Hacker News new | ask | show | jobs
by jzelinskie 2779 days ago
I tend to dislike cost-based optimizers because they add a layer of uncertainty when you're attempting to optimize database queries. I know what I want the optimizer to do. The problem is that when I run test queries against a local database or even a staging database, the statistics used to calculate costs differ. This means production can do something totally undesirable.
4 comments

Yes, that's a real problem that DBAs routinely grapple with. To address the problem, RDBMS vendors typically support hints and "plan management" features that allow DBAs to "pin" a particular plan once they've determined it's best. However, this usually requires a knowledgeable DBA; many developers would prefer that the database automatically chooses the plan, even if it changes from time to time. CockroachDB will definitely want to support both kinds of users.
I think is best if it was a per-session hint, like:

SET PLANNER TO COST

or similar, and default to a more "static" one.

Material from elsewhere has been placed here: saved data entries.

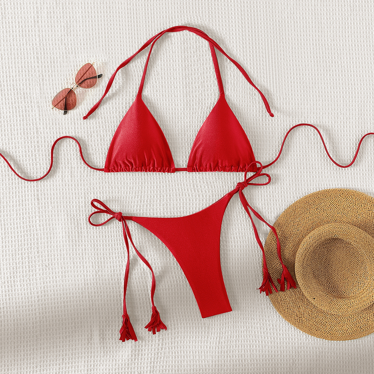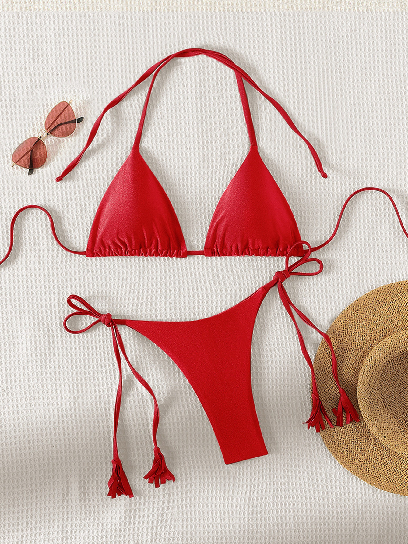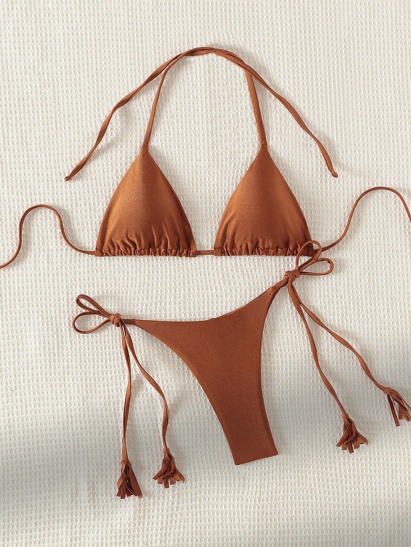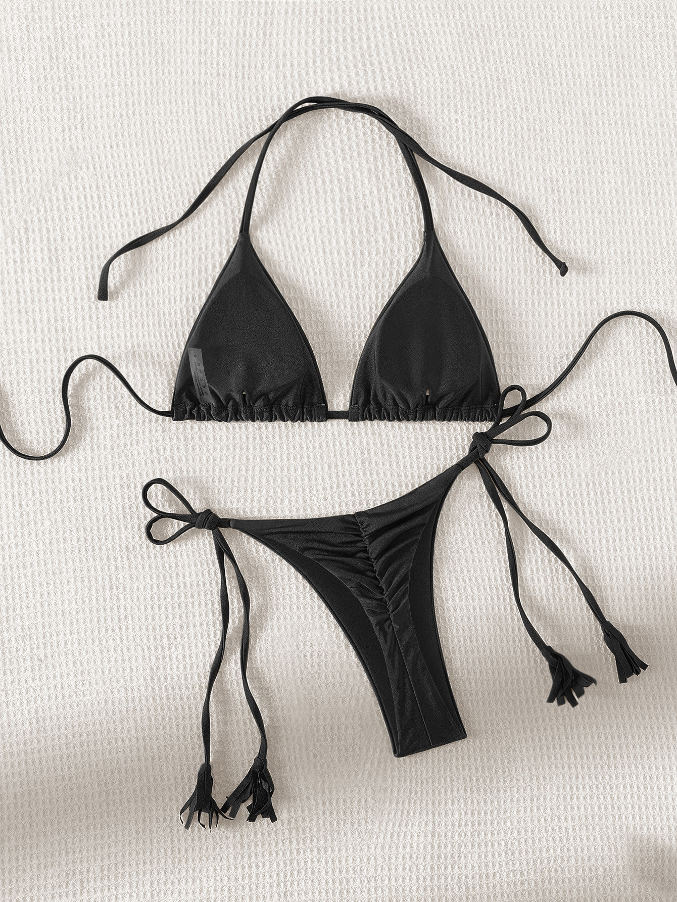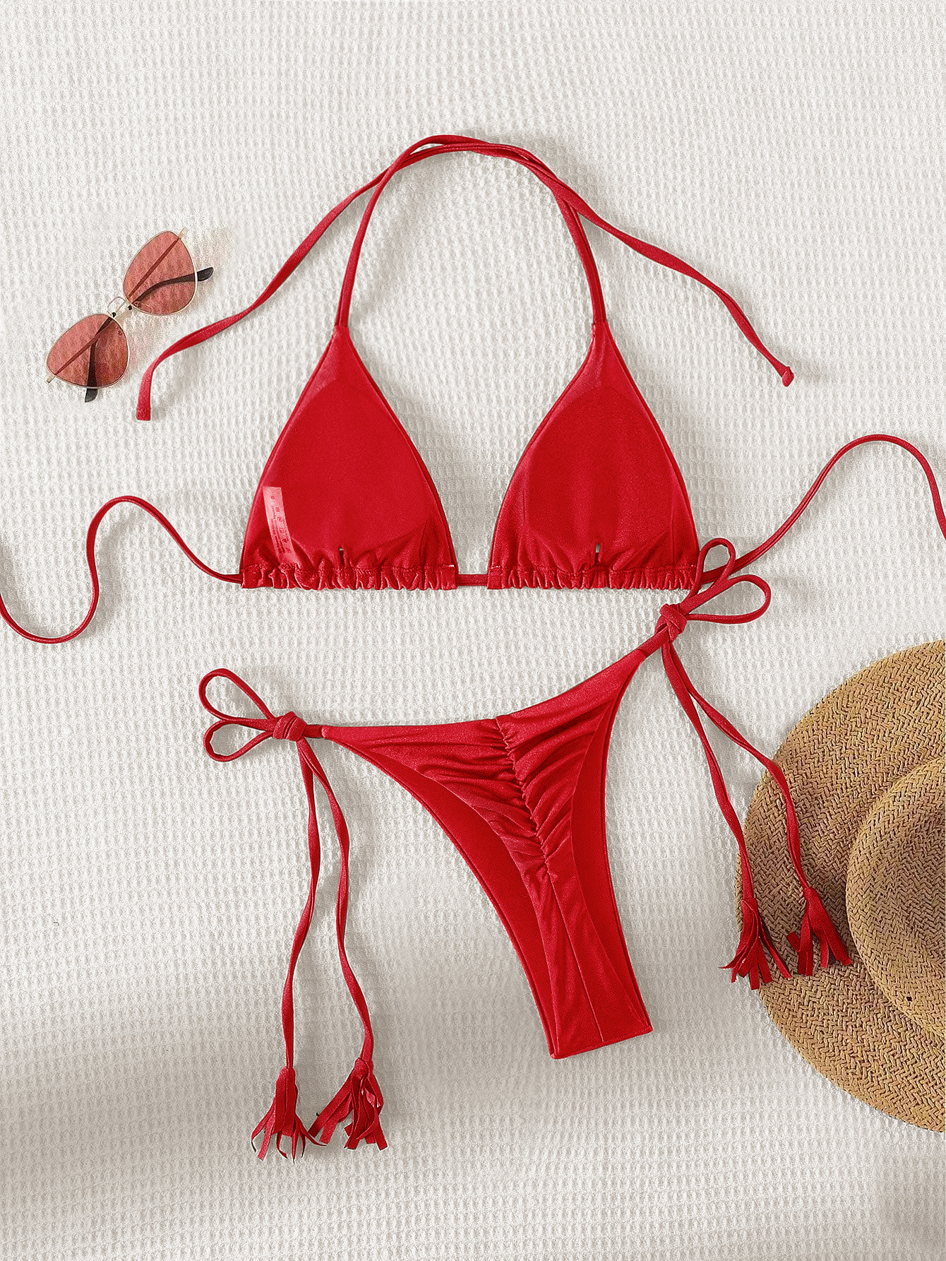 2024 새로운 솔리드 컬러 레이스 업 Tassel Bikini 세트 섹시한 유럽과 미국 수영복 수영복 여성 분할스토어 가기
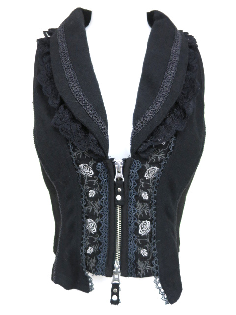■薔薇刺繍入りジップアップベスト 黒 やや細かな毛羽立ちが見られ使用感ございます。 |
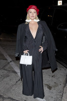 Красавица направлялась в один из голливудских ресторанов. Для ужина Кристина выбрала черный костюм в белую полоску. Пиджак был одет на голое тело, подчеркивая глубокое декольте певицы. Образ в стиле 20-х годов прошлого века добавили нюдовые босоножки, белая сумочка и красный берет. Отличным дополнением стали крупные серьги белого цвета.
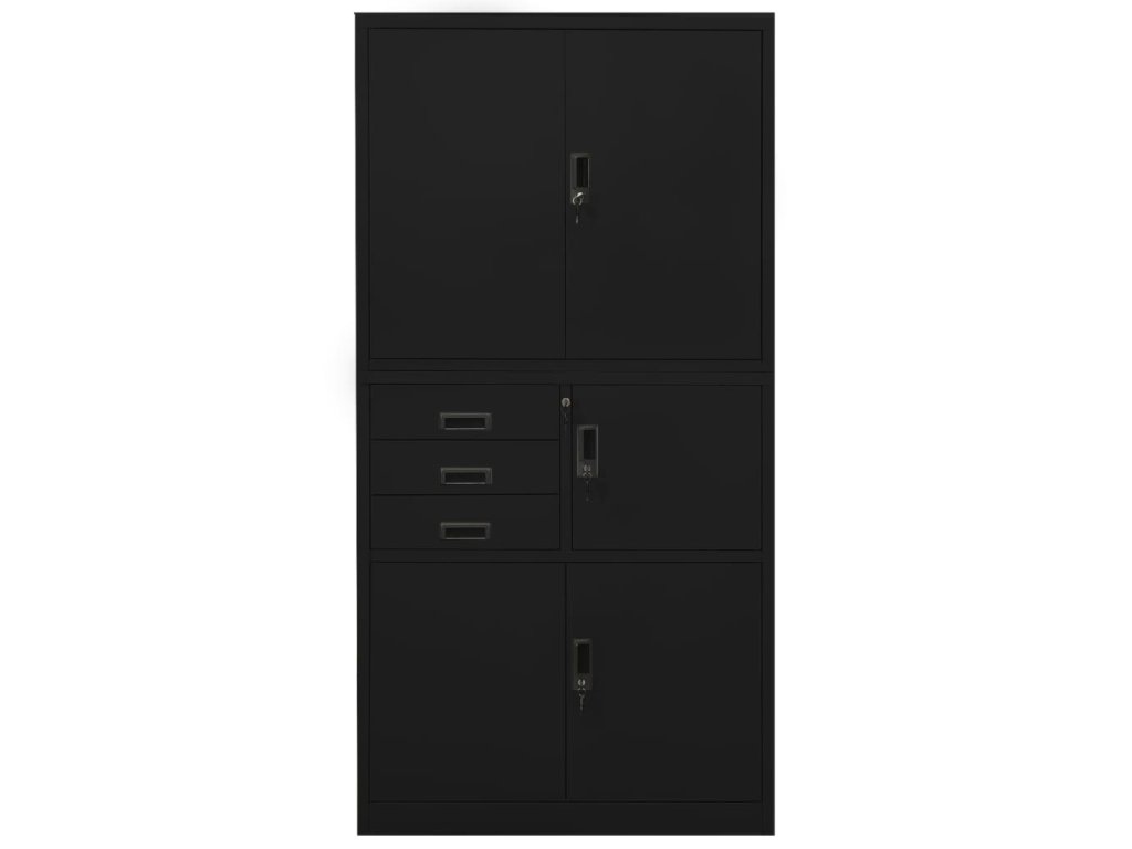Táto kancelárska skrinka je vyrobená z ocele, vďaka čomu je odolná a ľahko sa čistí. Vďaka skrinke a 3 nastaviteľným policiam vám umožňuje prehľadne triediť šanóny do rôznych kategórií a uchovávať ich v bezpečí. Zásuvky s 3-dielnymi guľôčkovými koľajnicami zaisťujú plynulé otváranie a zatváranie aj pri zvýšenej záťaži. Táto skrinka sa vďaka svojmu ikonickému dizajnu bude hodiť do každej kancelárie.

Yeah, the problem is that basically none of this is portable, though. So if you're attempting to support both MySQL variants and Postgres variants, it gets nasty fast.
Not portable and you have to deploy separate from your application. A company I worked for solved this by using/setting hints for queries that were known to be mis-optimised in the common case.

If you're looking to be cross platform then hopefully you've already got a layer to translate intent to an appropriate SQL dialect, so you can drop it in there.

Hear, hear
Some databases let you just set the stats numbers to what you think they are and pin them, so changes to data won't change the stats and the optimizer will always use your stats and not stats calculated from the data. You'll get the "prod" execution plans on an empty database!
You can do that in Db2 z/os. In our shop we do it daily. In prod stats are up to date, we have job that would get all the stats from prod required for accesspaths and apply it on Dev empty tables modelling production. So Dev team when they bind packages which would use these stats to generate accesspaths 99.99% of the time same accesspaths would be generated in Dev and we know how the program would perform. Also for some tables we set pre defined stats, if that table a had real stats, oboy.
Sql server let you to import meta data from prod to dev. And you will get reliable execution plans.
> I know what I want the optimizer to do

For a cute little select statement, it might be true. However it's just not manageable most of the time.

Also Cost-Based can do some really dumb things if a table's contents change by quite a bit before stats are run again. I like being able to give hints so that you can switch between Cost or hierarchy based queries.